I'll admit that I don't know a lot about ancient Eastern medicine, except that there are archaeological examples of surgeries (e.g., for cleft lip/palate) in ancient China, and treatises on remedies for disease. Perhaps I need to read up on the state of Eastern medical knowledge during the Empire!
Anonymous said…
To John Bartram.

The Jews did not have the germ theory of disease. For a start, they didn't know that micro-organisms existed: no one before the 17th century did or could have.

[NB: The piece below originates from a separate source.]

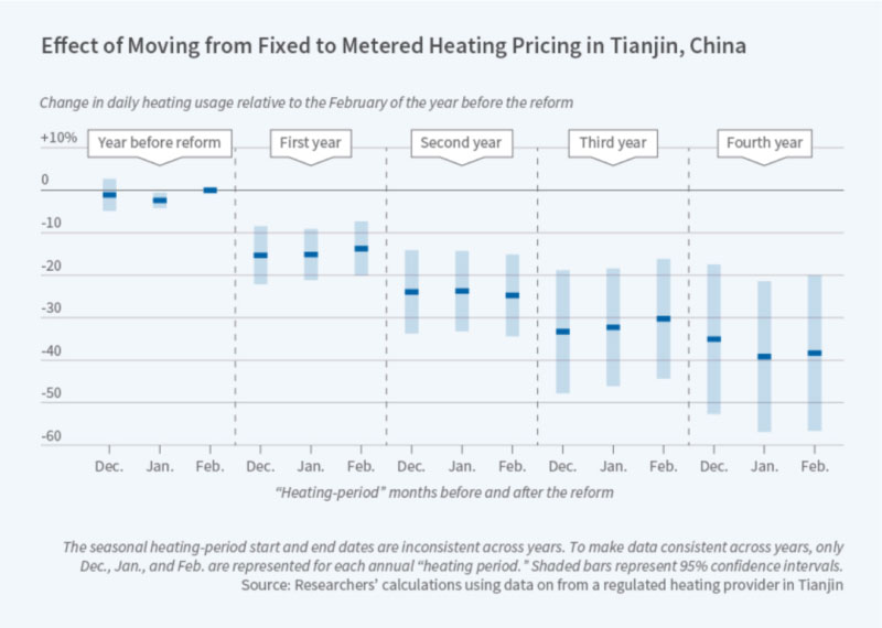 美國哈里斯公共政策研究所伊藤光一郎、科羅拉多大學(xué)博爾德分校的張爽(音譯)的研究發(fā)現(xiàn),如何對(duì)居民用能收費(fèi)會(huì)對(duì)社區(qū)的能源使用產(chǎn)生重大影響,并最終影響到空氣質(zhì)量。以中國天津?yàn)槔?,有關(guān)部門用以熱計(jì)量為基礎(chǔ)的系統(tǒng)取代了固定價(jià)格的供暖收費(fèi)系統(tǒng)。數(shù)據(jù)表明,安裝熱計(jì)量表四年后,供暖能耗下降了約三分之一。

This theory might be worth looking into once prominent specialists in ancient medicine have been convinced. Physicians and other with different expertise have a track record of postulating the most bizarre and untenable explanations of ancient evidence.
George Myers said…
See also "The unsung Columbus of New Hampshire" Martin Pring and sassafras, thought the cure.
Anonymous said…
Why not look for microbial DNA in these bones? The efficiency will be poor but it still might be possible if several sites from the same skeleton are sampled.
I think DNA analysis is the next step - not just for this project, but for projects on malaria, etc. aDNA of pathogens is expensive, though. Thousands of dollars per sample. And this type of analysis involves destruction of bone, so osteologists don't undertake it lightly. Basically, between expense and destruction, many researchers are waiting a couple years for aDNA analysis to get better, less invasive, and cheaper.
Jan Helldén said…
The problem when discussing the origin of syphilis is that we have three other diseases so very similar to syphilis that it is difficult to distinguish at least two of them - bejel and jaws - are followed by bone changes very similar to the ones associated w. syphilis (Pinta lesions are confined to the dermis).

DNA analysis have been made, and the results points towards syphilis being closely related to the yaws-causing strains from South America. Furthermore it has been concluded that the syphilis-causing strains evolved "relatively recently in human history" - just in time to be brought back to Europe by Columbus and his men. That would also explain the very virulent outbreak of syphilis from 1495 and the next 30-40 years: It was a new disease! The Pre-Columbian skeletons with "clear" signs of syphilis could then be ascribed to either bejel or jaws.

cf. On the Origin of the Treponematoses: A Phylogenetic Approach, PLoS Neglected Tropical Diseases 2008
I did see the PLoS article, Jan. It's a very good one. I didn't, however, look to see if there were molecular studies done on the bones of any of these supposedly pre-Columbian cases of syphilis. If studies of the Old World bones isolate the same pathogen that causes modern venereal syphilis, what happens to the argument?

The authors of the new article on the Romano-Spanish case of treponemal infection do suggest that it could have been bejel, which results in lesions to the tibia quite often. The diagnosis of venereal syphilis from a skeleton is usually made only when there are also changes to the cranium (caries sicca, which happens quite rarely with bejel).

This skeleton didn't have a preserved head. Still, the authors want to revise the palaeopathological guidelines for diagnosing treponemal disease and to train more osteologists to recognize treponemal lesions, especially in the postcranial remains (tibia).

I hope that with the increase in availability of molecular methods and the decrease in price, eventually we'll get more DNA analysis of skeletons with treponemal disease, malaria, etc., which will help us understand the diseases in antiquity and lead to better diagnostic criteria for identifying lesions in bone.
Jan Helldén said…
I quite agree: It will be very interesting to hear of future results of DNA analysis from the pre-Columbian European bones. It can surely change everything.

The other day i tweeted this: Pathogen Genomics Has Become Dirt Cheap (podcast) - The cost has dropped in 10 years from $500,000 to as low as $10, so hopefully we don't have to wait long for new insights into the riddle of syphilis.
I saw that tweet, Jan, and it made me very happy. I'm starting a new aDNA project on my Romans very soon, and the next step of the project (after finding out more about their origins) is to look for malaria. It's nice that the cost is coming down so much and so quickly - even anthropologists will be able to afford it!